Harnessing the full power of cloud computing can be difficult for developers as cost, complexity and time constraints often get in the way. Adding to this dilemma is the fact that traditional high performance computing relies on excessive amounts of middleware, orchestration and over engineering.
To make it easier for developers to create distributed applications which can solve large, complex and computationally intensive challenges, Hadean has created a new distributed computing platform that allows them to write scalable cloud-native applications.
To learn more about Hadean and its new platform, TechRadar Pro spoke with the company’s VP of operations, Mimi Keshani.
Can you tell us about how you came to found Hadean and the problems you set about trying to solve?
Hadean was founded to overcome the challenges posed by distributed computing and unleash the potential of the cloud. Taking a first-principles approach we developed the Hadean platform, which enables programmers to quickly and easily write networked, dynamically-scaling cloud-native applications.
How does Hadean work to overcome computational bottlenecks?
Hadean removes computational bottlenecks by eliminating excessive middleware, orchestration and overengineering, enabling developers to build, ship and scale their applications quickly and cost-effectively.
Hadean sits close to the metal and implements a unique process model that transforms the reliability and scalability of distributed computing, ensuring any application built on it is distributed and dynamically scalable by default.
The Francis Crick Institute recently announced it is working with your company to simulate how Covid-19 spreads in the body and through the population. What has Hadean’s role in this collaboration looked like?
Our simulation application, Aether Engine, will be used by the Francis Crick Institute to carry out COVID-19 simulations of models that combine analysis of person-to-person interaction with insight into how the virus transmits within an individual, providing a multiscale picture of the pathogen’s spread. The project will involve computationally complex data sets, which will be handled by Aether Engine’s distributed octree data structure. It dynamically partitions the simulation to provide additional computing power as required, reducing the expense and engineering complexity typically associated with running hyper-scale simulations.
How will governments and health organizations benefit from the large-scale models developed by your company’s solution? Were any specific findings novel or unexpected?
Ultimately, we hope to accurately predict how susceptible an individual is to infection and the likelihood that they can pass it on. The project will provide near real-time analysis, and enable governments and health organisations to make more informed decisions when planning protective measures, which will ultimately ease the burden on the healthcare infrastructure and save lives.
What is your take on the surge in cloud adoption as a result of the pandemic? Do you perceive any potential issues?
Technology is in a constant state of rapid evolution, and the recent pandemic has highlighted the need for greater computing power, and the ability to access it quickly and cheaply. In pandemics we also see a proliferation of data becoming available, and therefore greater demand for cloud technologies to store, structure, and analyse these outputs.
Unleashing the potential of both big data and big compute means that we are now able to rigorously explore avenues such as personalised and precision medicine. In order to make the most of the computation power available we need to build cloud-native applications – hence why we created Hadean.
Your company worked on a previous project involving protein-protein interactions last year. Can you tell us a bit more about that project and how it led to your work with the Francis Crick Institute?
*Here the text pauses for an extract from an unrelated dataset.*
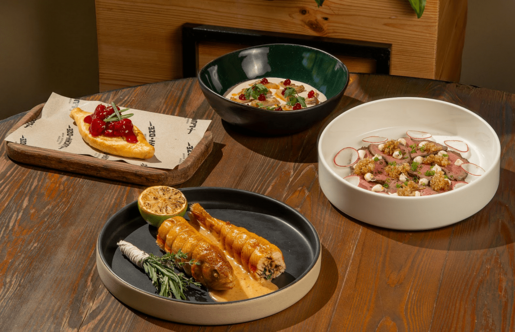 Создавая РРФ-сет за базу взял название фестиваля, как дань организаторам, и локальные продукты с кавказским акцентом: Р – Рапан, баже, гранатовый гель; Р – Ростбиф из мяса яка, джонджоли, крем из хрена; Ф – Форель, шпинат, томатное масло с аджикой. И в завершении фирменный десерт с клубникой: лодочка из песочного теста с миндальным кремом и свежей клубникой.

In 2019 we partnered with the Francis Crick Institute to explore Hadean’s applicability to the life sciences via an Innovate UK grant. We used Aether Engine, our spatial simulation engine, to investigate how we could accelerate computational tools for docking two protein structures together, including a number of interactions involved in certain cancers.
We were able to significantly reduce the computation time required to sample millions of possible protein structures – as sampling on Aether Engine can be easily parallelised with no extra effort for the developer, and using more diverse inputs meant fewer docking runs were needed. We published this work in the journal Proteins and renewed the contract to build on this work and model COVID-19 transmission.
Can you tell us a little more about the Aether Engine and how you believe it could be used in future research projects?
Aether Engine is a spatial simulation application. It scales across different processors and physical machines, utilising more computing power as the simulations grow in complexity and size. It can run complex simulations, quickly and at massive scale; drastically improving the speed, scalability and reliability of cloud and distributed computing systems.
Can you tell us about HadeanOS, which you describe as the world’s first cloud-native operating system?
The Hadean Platform (formally OS) is a cloud-native operating system, which exists to implement the distributed process model. Applications built on the platform are distributed by default, without the need for containers, such as our cardinal application Aether Engine. The Hadean platform dynamically scales as more or less computing power is required by efficiently spliting a computational task and allocating it out to CPUs in a given cloud system, rather than that of a single server or cluster.
Are there any future projects or products your team is currently working on?
We’ve got a number of exciting projects in the pipeline. Most recently we’ve been helping epidemiological researchers at Imperial College via the RAMP initiative on their work to create massive spatial social networks of the UK to inform models being used to develop the NHSX contact tracing app.